Shopping in the stars

Dear Jennifer,
Here is your horoscope for Friday, March 18:

Shopping? Who, you? Yep, you're in the mood -- and you'll want company. Better take along some sensible company, too. Sensible enough to stop you from buying that motor home, or anything else bigger and more expensive than a toaster.

(ShaeSin and I have talked about shopping this weekend...)

March 21, 2005

Half Day

Dear Jennifer,
Here is your horoscope for Monday, March 21:

Here we go again. One more day of trying to find a way around all kinds of obstacles that seem to come out of nowhere. Well, here's a news flash: Sometimes we all just need to sit still -- even when we really don't want to.

(So maybe taking the afternoon off today is an even better idea than the original reason I had...)

March 24, 2005

Cold Turkey

I'll be going cold turkey during rabbit season to prove to myself whether or not I can "handle" the madness that is online MMORPGing. Translation, I've decided to give up City of Heroes for the next week. So if you've been wondering what has been going on in my head lately, I suspect I'll be releasing the tell all updates over the next week.

March 26, 2005

Being quiet

Fear not Dom, my heroes will return to their CoH homes next weekend, this a reality check to let me take a step back and make sure important things are getting the focus they need. Things like sleep, bills and chores around the house.

So what have I been doing with my video game reprieve? Well, Thursday I was supposed to play volleyball, but by the time I got home and sat down I woke up at midnight long enough to stumble upstairs and fall back asleep. Oh what an exciting life I’m leading…

I’ve been pondering lifestyles lately.

March 29, 2005

A stolen moment

This morning I got up early and did absolutely nothing. Well, if you count feeding the cats and myself while sitting down, as nothing. When did a quiet meal become a luxury? How much luxury is sitting down to a bowl of oatmeal? Are we so afraid of being without one thing that we completely sacrifice another?

Me time is over for right now, time to get ready to leave for work.

April 24, 2005

Clearing the air

For the record nothing is "wrong". I’ve been very careful from the start of my online journal about discussing things here that could cross the line between exercising my freedom of speech and volunteering to have my income suddenly slashed. I’ve been under a confidentiality agreement since I started working in North Carolina. It turns out that this caution has been with merit as there is someone who has tried to stir up trouble for me based on the opinions and observations I’ve posted here. To be honest, the restrictions placed on me aren’t that restrictive. Most of the time, by removing names and certain details, I can write about anything I like. In this case, removing the names and details doesn’t leave much to write down.

After editing the details, here is the story: Work currently consists of lots of immediate deadlines and very little time to react. I’m working my ass off to be able to make the deadlines and as quickly as I make one, two more pop up. If I can make it through the next few weeks, things should settle back down to a more sustainable pace.

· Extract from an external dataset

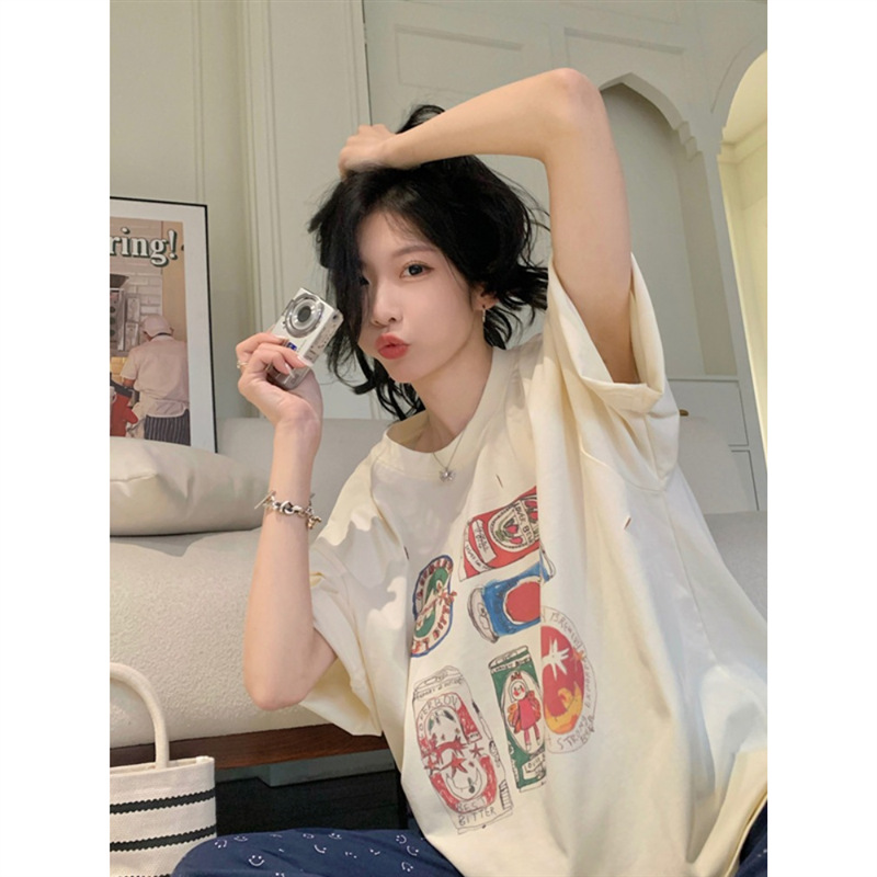 韩系印花短袖t恤女宽松显瘦慵懒风中长款设计感夏季上衣新款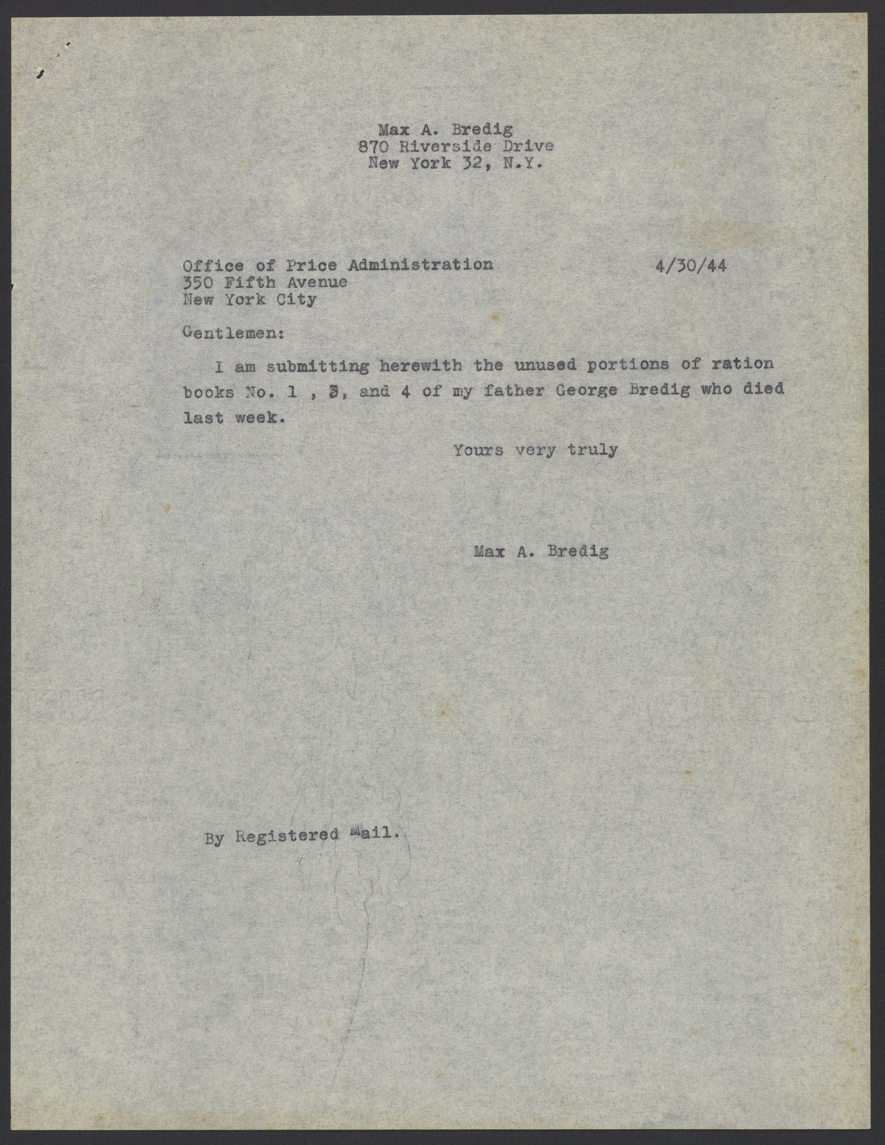 Small JPG1200 x 1553px — 345 KBLarge JPG2880 x 3727px — 2.3 MBFull-sized JPG5318 x 6882px — 7.5 MBOriginal fileTIFF — 5318 x 6882px — 105 MBMax Bredig (1902-1977) sends ration books belonging to his late father, Georg Bredig (1868-1944) to the Office of Price Administration.

I’m looking forward to: Vacation in June
I’m supposed to be reading: Coyote Kings of the Space Age Bachelor Pad by Minister Faust
I’m actually reading: Not much
Watching: Numb3rs, Battlestar Galactica
Current health project: Revamping my diet to include less animal products
Pictures that need posted: Updated photos of Blue and Mya
Long overdue chore: Mowing the lawn

May 11, 2005

Insight

We can only change the things that we can affect. When I don't like how something is occurring, the best course of action is to identify the things I can influence and put my energy there.

May 18, 2005

For M0nkeyb0yT

I ran across this and for some reason thought of you: Click Here

May 24, 2005

Too cute

tobybulls.jpg

This little guy is the son of one of the guys who work in my department. At our last department outing, he was my "secret helper". He was in charge of listening for the special jingle sound that would tell us that a Baseball Bingo number was about to show on the secondary score board at the stadium.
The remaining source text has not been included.